◆ **EXERCISE DIRECTIONS**:
Write out only the lines from the start of the entries up to and including the line with "Los pingüinos que"; please skip the pictures.

◆ **WORKING DATA**:
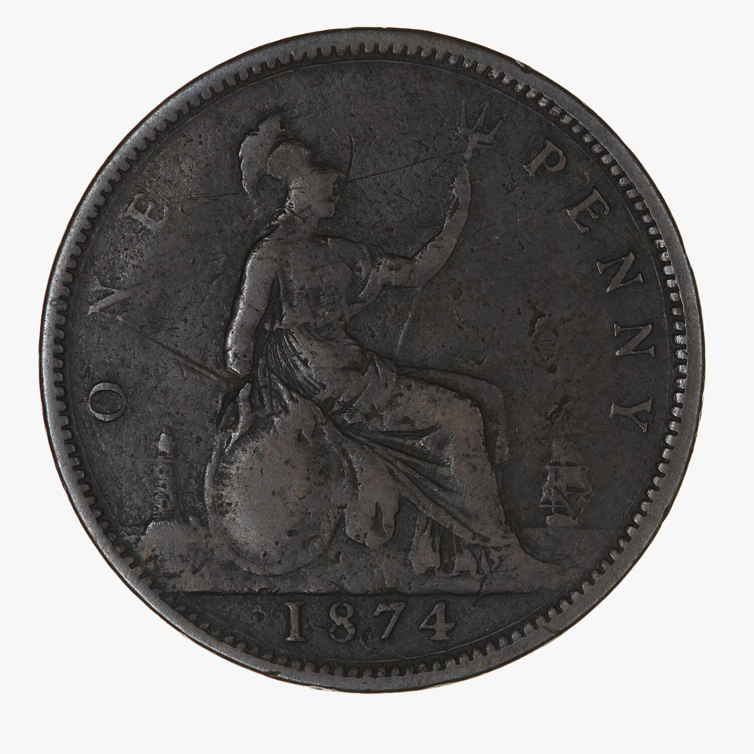 Britannia seated facing right on a rock wearing a helmet and breastplate with flowing dress; she holds a trident and rests her right hand on a shield which bears the combined crosses of the Union Flag; at right a ship sailing away; at left, a lighthouse; around, ONE PENNY; in exergue, 1874
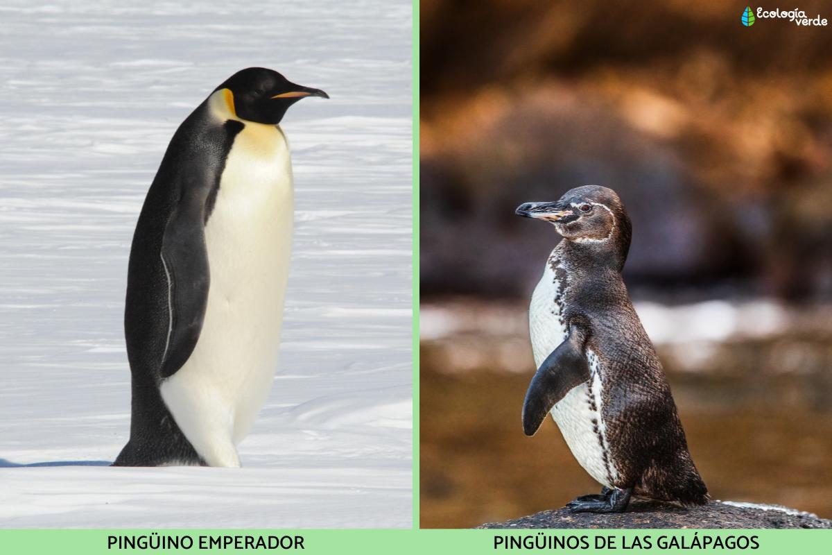 Los pingüinos que viven más hacia el hemisferio sur son los de mayor tamaño, como es el pingüino emperador (Aptenodytes forsterique) mide 120 centímetros de alto. Es endémico de la Antártida y por eso necesitan una mayor superficie para retener mejor la temperatura. Comparándolo con los pingüinos de las Galápagos (Spheniscus mendiculus), que miden 50 centímetros de alto.
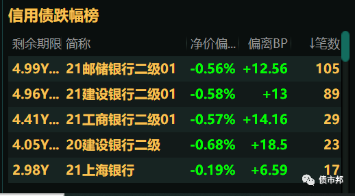郵儲、建行和工行新發(fā)的二級資本債繼續(xù)偏離估值放量暴跌,成交量領跑信用債市場。其中21郵儲銀行二級01在今天的交易筆數(shù)甚至超過了同日非活躍10年期國開債了,原來信用債也能摸到利率債的流動性門檻。
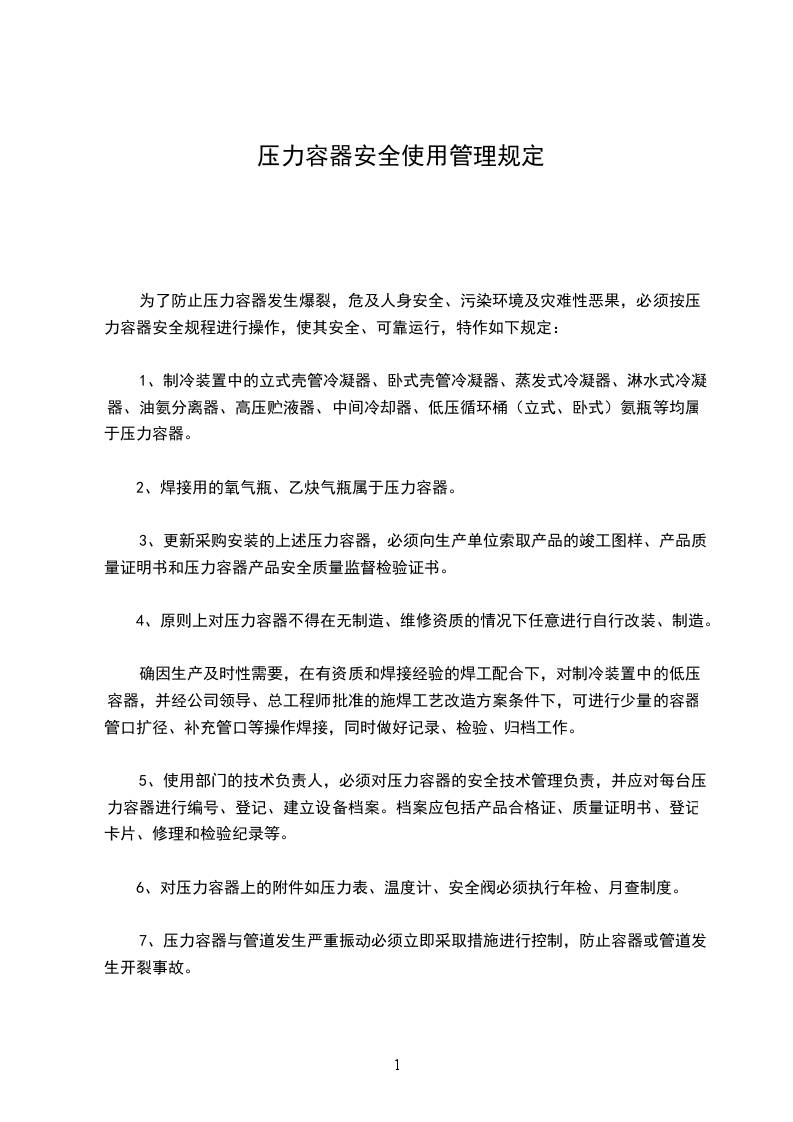 为了防止压力容器发生爆裂,危及人身安全、污染环境及灾难性恶果,必须按压力容器安全规程进行操作,使其安全、可靠运行,特作如下规定:
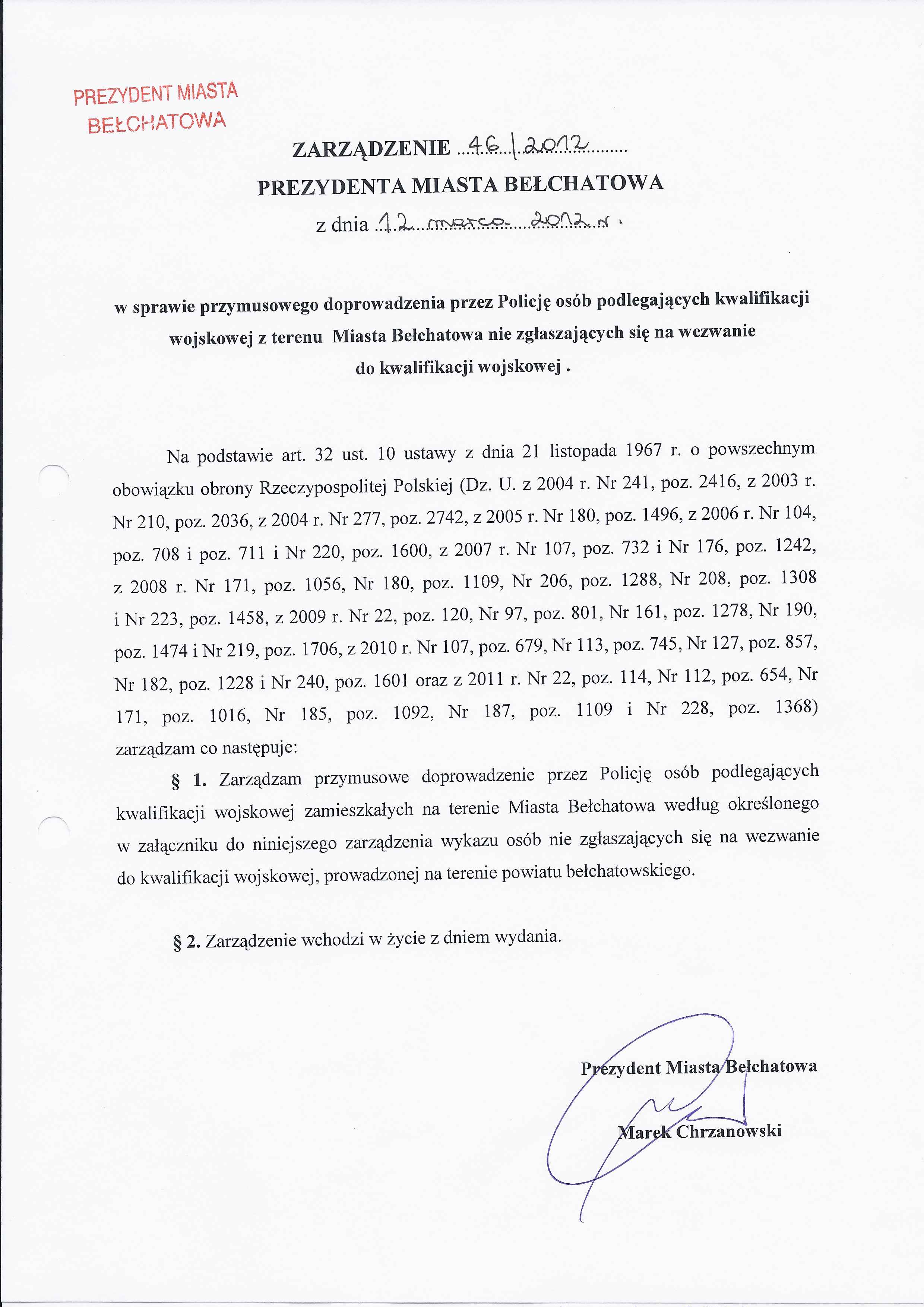 Zarządzenie Nr 46 z dnia 12 marca 2012 r. w/s przymusowego doprowadzenia przez Policję osób podlegających kwalifikacji wojskowej z terenu Miasta Bełchatowa nie zgłaszających się na wezwanie do kwalifikacji wojskowej
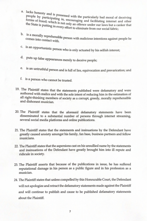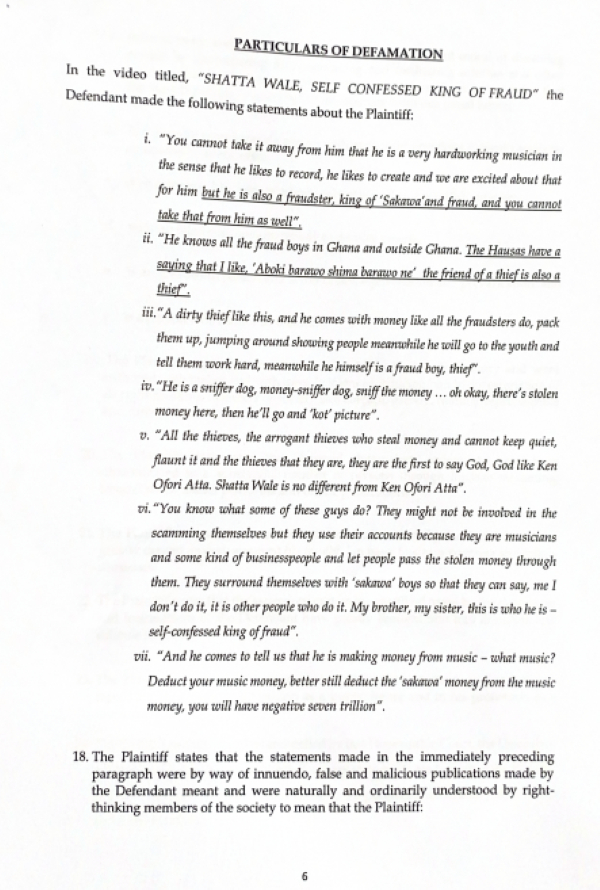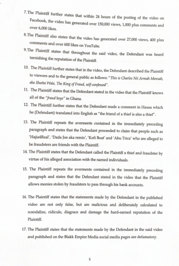 “The Plaintiff repeats the averments contained in the immediately preceding paragraph and states that the Defendant proceeded to claim that people such as ‘Hajia4Real’, ‘Dada Joe aka remix’, ‘Kofi Boat’ and ‘Abu Trica’, who are alleged to be fraudsters, are friends with the Plaintiff. The Plaintiff states that the Defendant called the Plaintiff a thief and a fraudster by virtue of his alleged association with the named individuals.
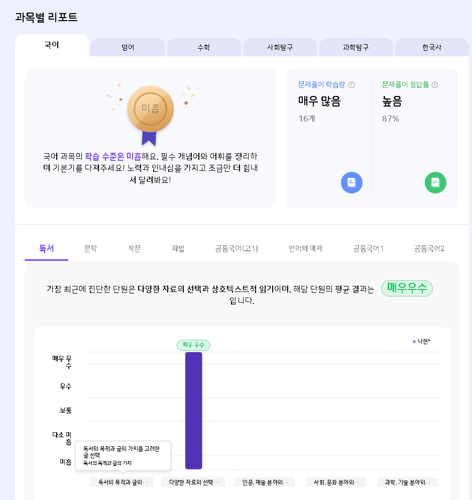 | Steps To Reproduce | 1. 학부모 로그인 2. AI리포트 > 과목 리포트 진입 3. 리포트 내 그래프 영역 확인 | ||||
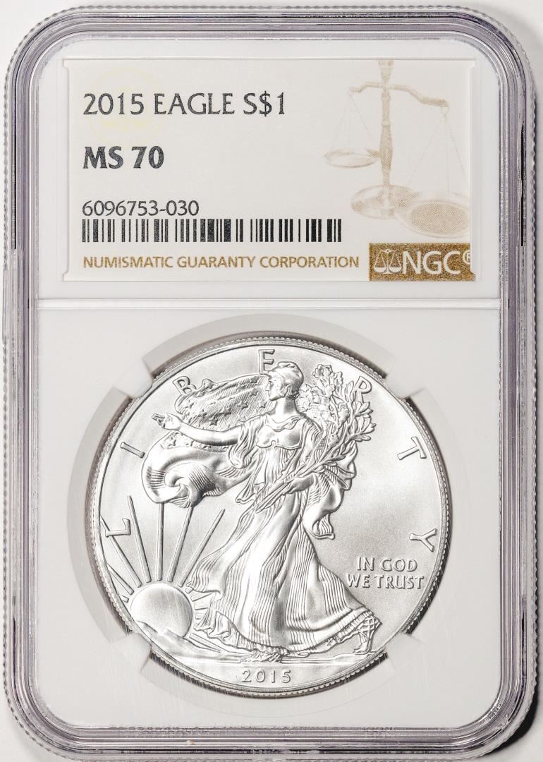One 2015 $1 American Silver Eagle Coin NGC MS70. NGC Certified.
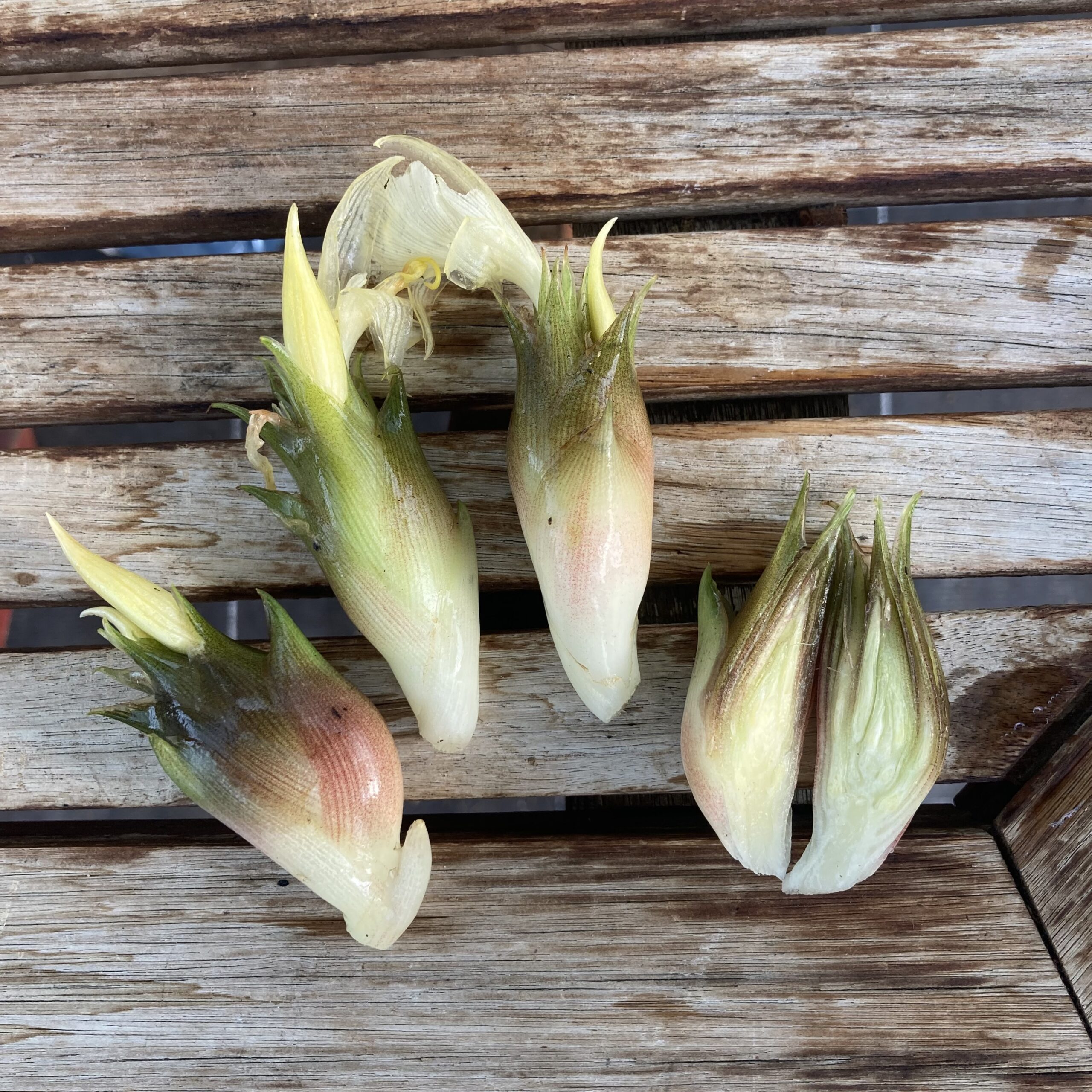 Ce sont ces derniers qui sont prisés dans la gastronomie japonaise et coréenne. Ils sont consommés crus, marinés ou en garniture.Ils apportent une touche d’exotisme et une saveur subtilement piquante (bien que moins piquant que le gingembre classique). Il a le goût du gingembre et d’oignon mêlés. Ses rhizomes peuvent également se consommer. Ils sont plus petits et très ligneux. Il faut de préférence les râper ou les hacher comme le galanga.
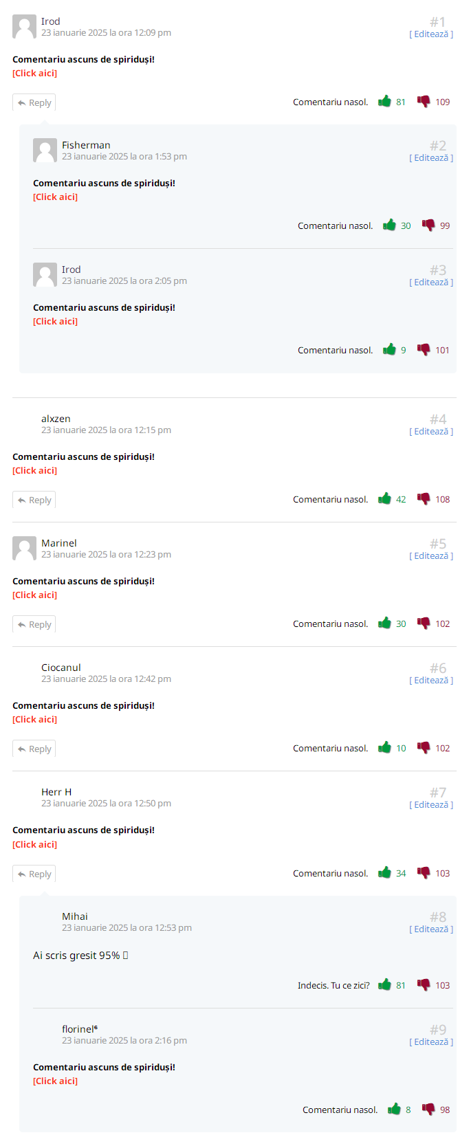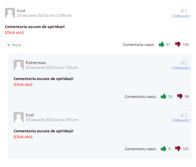 Ați văzut că sunt momente în care apar zeci de voturi negative la comentarii. Este foarte neplăcut pentru voi mai ales, că ăsta este și scopul, cititorul să vadă că al lui comentariu are sute de downvotes și să se demoralizeze și să nu mai comenteze.
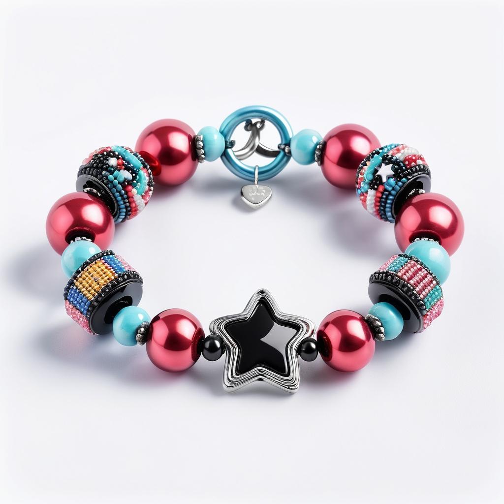 这条手链以其童趣和色彩丰富的设计脱颖而出。通过分析,我们注意到其使用了多种形状和颜色的串珠,包括甜点和星星形状的塑料珠子,形成了一种不对称但吸引眼球的组合。粉色和白色的主色调搭配其他色彩形成鲜明对比,使整体设计充满活力。中心的粉色圆环和玩偶吊坠成为视觉焦点,增添了趣味性。在设计中,可以通过增加金属元素和重新排列串珠,进一步提升艺术性和功能性。结合当前年轻人喜爱的设计趋势,这种手链不仅是装饰品,更是一种自我表达的方式。
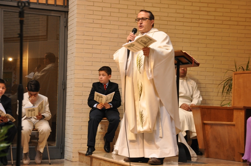 Esta vez, le ha tocado también a nuestro hermanito Andrés y sus compañeros, que han celebrado con mucha emoción su especial encuentro con Jesús en la Eucaristía. Manolo Liarte, nuestro sacerdote, ha estado, como siempre, muy cariñoso con los chicos y cercano a las familias. ¡No es fácil mantener el silencio y la atención de una gran multitud en misas como estas!

◆ **YOUR SOLUTION**:
 Britannia seated facing right on a rock wearing a helmet and breastplate with flowing dress; she holds a trident and rests her right hand on a shield which bears the combined crosses of the Union Flag; at right a ship sailing away; at left, a lighthouse; around, ONE PENNY; in exergue, 1874
 Los pingüinos que viven más hacia el hemisferio sur son los de mayor tamaño, como es el pingüino emperador (Aptenodytes forsterique) mide 120 centímetros de alto. Es endémico de la Antártida y por eso necesitan una mayor superficie para retener mejor la temperatura. Comparándolo con los pingüinos de las Galápagos (Spheniscus mendiculus), que miden 50 centímetros de alto.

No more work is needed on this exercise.